(BATTLE CREEK, Michigan) – Negotiations between Kellogg Co. and the union, which represents approximately 1,400 grain mill workers who have been on strike for more than six weeks, resume Monday.
The workers who have been on strike since October 5 are represented by the Bakery, Confectionery, Tobacco Workers and Grain Millers International Union (BCTGM).

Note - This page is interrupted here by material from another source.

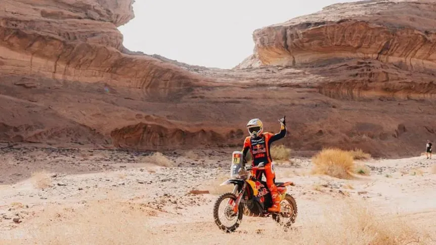 Daniel Sanders continúa marcando el ritmo en motos tras la primera etapa luego del descanso. El piloto de KTM, a pesar de finalizar cuarto en la jornada, logró ampliar su ventaja en la general y ahora lidera con un tiempo de 28:47:31, superando por 4:25 a Ricky Brabec.

Talks between union leaders and Kellogg’s broke down in early November after the two sides failed to reach an agreement and further negotiations were put on hold for weeks prior to Monday’s meeting.
The ongoing strike affects Kellogg’s plants in four states and comes amid a barrage of work stoppages hitting the private sector in the U.S. Jobs have been linked to new hiring activism in recent weeks.
“We look forward to coming back to the table and are determined to negotiate in good faith,” Kellogg’s said in an update on Friday. “We continue to hope that we can reach an agreement soon so that our employees can get back to work and their lives.”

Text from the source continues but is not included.